= Exercise goal =
Where does the word "with" occur in the material? Copy each line that has it.

= Dataset excerpts =
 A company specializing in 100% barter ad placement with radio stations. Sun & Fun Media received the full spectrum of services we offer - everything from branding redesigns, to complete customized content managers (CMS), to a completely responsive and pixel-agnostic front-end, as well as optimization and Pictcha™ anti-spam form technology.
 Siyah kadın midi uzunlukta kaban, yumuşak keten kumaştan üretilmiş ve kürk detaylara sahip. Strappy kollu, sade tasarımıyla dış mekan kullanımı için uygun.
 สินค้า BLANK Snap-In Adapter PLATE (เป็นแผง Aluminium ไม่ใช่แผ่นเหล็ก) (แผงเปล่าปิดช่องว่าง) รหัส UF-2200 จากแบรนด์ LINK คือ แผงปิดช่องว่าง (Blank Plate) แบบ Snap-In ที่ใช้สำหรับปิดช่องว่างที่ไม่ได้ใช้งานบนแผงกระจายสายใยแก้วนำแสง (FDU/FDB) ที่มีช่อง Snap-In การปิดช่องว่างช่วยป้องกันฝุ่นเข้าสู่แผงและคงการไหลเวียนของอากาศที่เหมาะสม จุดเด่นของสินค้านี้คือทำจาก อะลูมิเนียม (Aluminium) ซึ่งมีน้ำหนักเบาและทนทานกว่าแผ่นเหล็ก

...

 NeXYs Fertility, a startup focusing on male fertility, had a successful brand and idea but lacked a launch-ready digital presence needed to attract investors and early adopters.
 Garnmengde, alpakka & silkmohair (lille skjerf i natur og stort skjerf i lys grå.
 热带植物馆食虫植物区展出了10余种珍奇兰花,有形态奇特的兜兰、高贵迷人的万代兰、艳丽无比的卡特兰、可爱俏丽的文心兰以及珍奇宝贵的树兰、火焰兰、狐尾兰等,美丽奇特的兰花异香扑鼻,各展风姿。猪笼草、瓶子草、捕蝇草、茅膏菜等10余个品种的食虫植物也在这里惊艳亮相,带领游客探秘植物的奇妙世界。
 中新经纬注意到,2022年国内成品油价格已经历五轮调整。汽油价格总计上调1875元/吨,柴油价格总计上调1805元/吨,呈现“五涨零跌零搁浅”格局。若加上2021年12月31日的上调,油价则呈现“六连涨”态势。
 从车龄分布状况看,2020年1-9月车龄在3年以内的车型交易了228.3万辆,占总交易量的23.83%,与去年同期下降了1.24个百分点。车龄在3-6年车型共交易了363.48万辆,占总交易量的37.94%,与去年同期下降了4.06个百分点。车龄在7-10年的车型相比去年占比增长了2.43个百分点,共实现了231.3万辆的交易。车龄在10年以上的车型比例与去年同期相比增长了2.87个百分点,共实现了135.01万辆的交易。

--

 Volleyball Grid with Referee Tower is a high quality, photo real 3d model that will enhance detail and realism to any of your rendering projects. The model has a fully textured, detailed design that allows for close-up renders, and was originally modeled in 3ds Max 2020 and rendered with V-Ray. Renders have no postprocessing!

= Written answer =
 A company specializing in 100% barter ad placement with radio stations. Sun & Fun Media received the full spectrum of services we offer - everything from branding redesigns, to complete customized content managers (CMS), to a completely responsive and pixel-agnostic front-end, as well as optimization and Pictcha™ anti-spam form technology.
 Volleyball Grid with Referee Tower is a high quality, photo real 3d model that will enhance detail and realism to any of your rendering projects. The model has a fully textured, detailed design that allows for close-up renders, and was originally modeled in 3ds Max 2020 and rendered with V-Ray. Renders have no postprocessing!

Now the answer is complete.